To determine the electric potential at the center of the square due to the four charges, we need to consider the contributions from each charge and then sum them up.
Given that each charge has a magnitude of +2 μC, we can calculate the electric potential due to a single point charge using the formula:
V = k * (q / r)
where V is the electric potential, k is the electrostatic constant (approximately 9 × 10^9 N m^2/C^2), q is the charge, and r is the distance from the charge to the point where we want to calculate the potential.
Since the square is symmetric, the charges are equidistant from the center.

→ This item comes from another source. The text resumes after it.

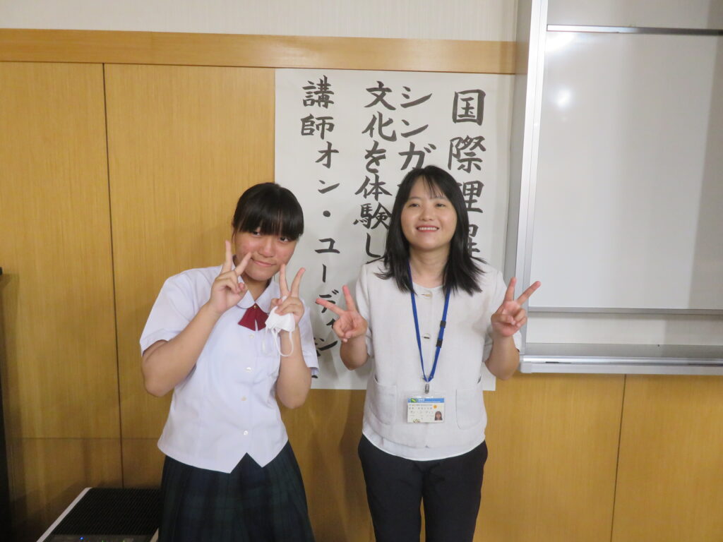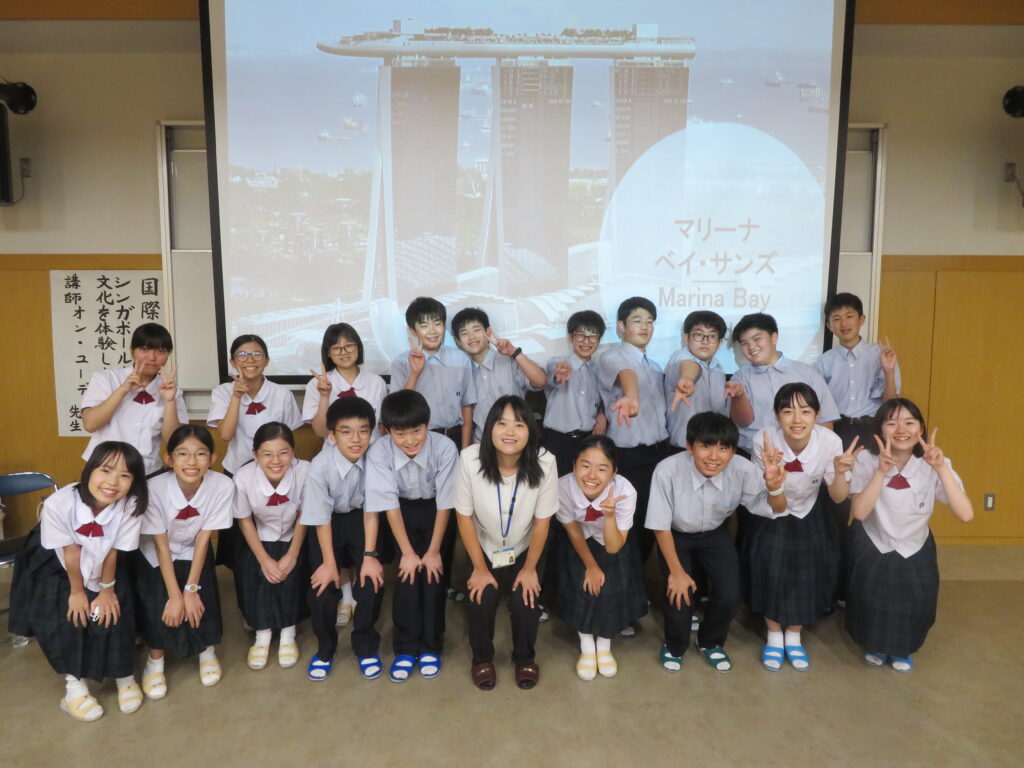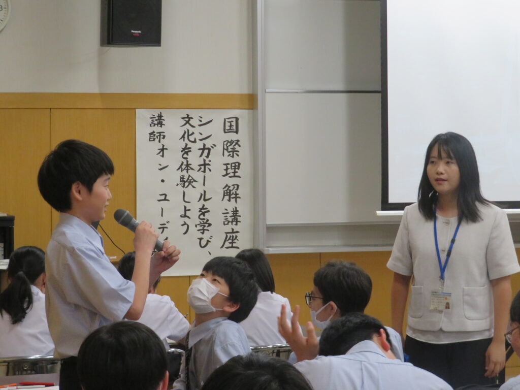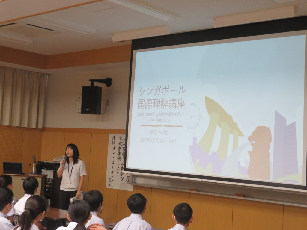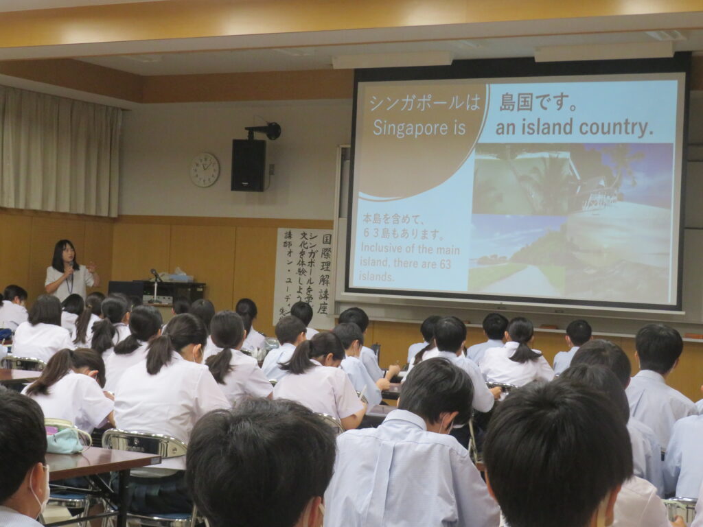 本日、J1・J2生を対象に国際理解講座を実施しました。今年はシンガポールについて学びました。国際交流員のオン・ユーディン先生に来ていただき、講話をしていただきました。

Let's assume the distance from the center to each corner of the square is represented by 'd'. In this case, the distance from the center to each charge is also 'd'.
The electric potential at the center due to a single charge is:
V1 = k * (q / d)
Since all four charges are identical, the total potential at the center will be the sum of the potentials due to each charge:
V_total = V1 + V1 + V1 + V1 = 4 * V1
Substituting the values:
V_total = 4 * (k * (q / d))
Now we can plug in the known values:
k ≈ 9 × 10^9 N m^2/C^2 q = 2 μC = 2 × 10^(-6) C d = 30 cm = 0.3 m
V_total = 4 * (9 × 10^9 N m^2/C^2) * (2 × 10^(-6) C) / 0.3 m
Calculating this expression gives the electric potential at the center of the square due to the four charges.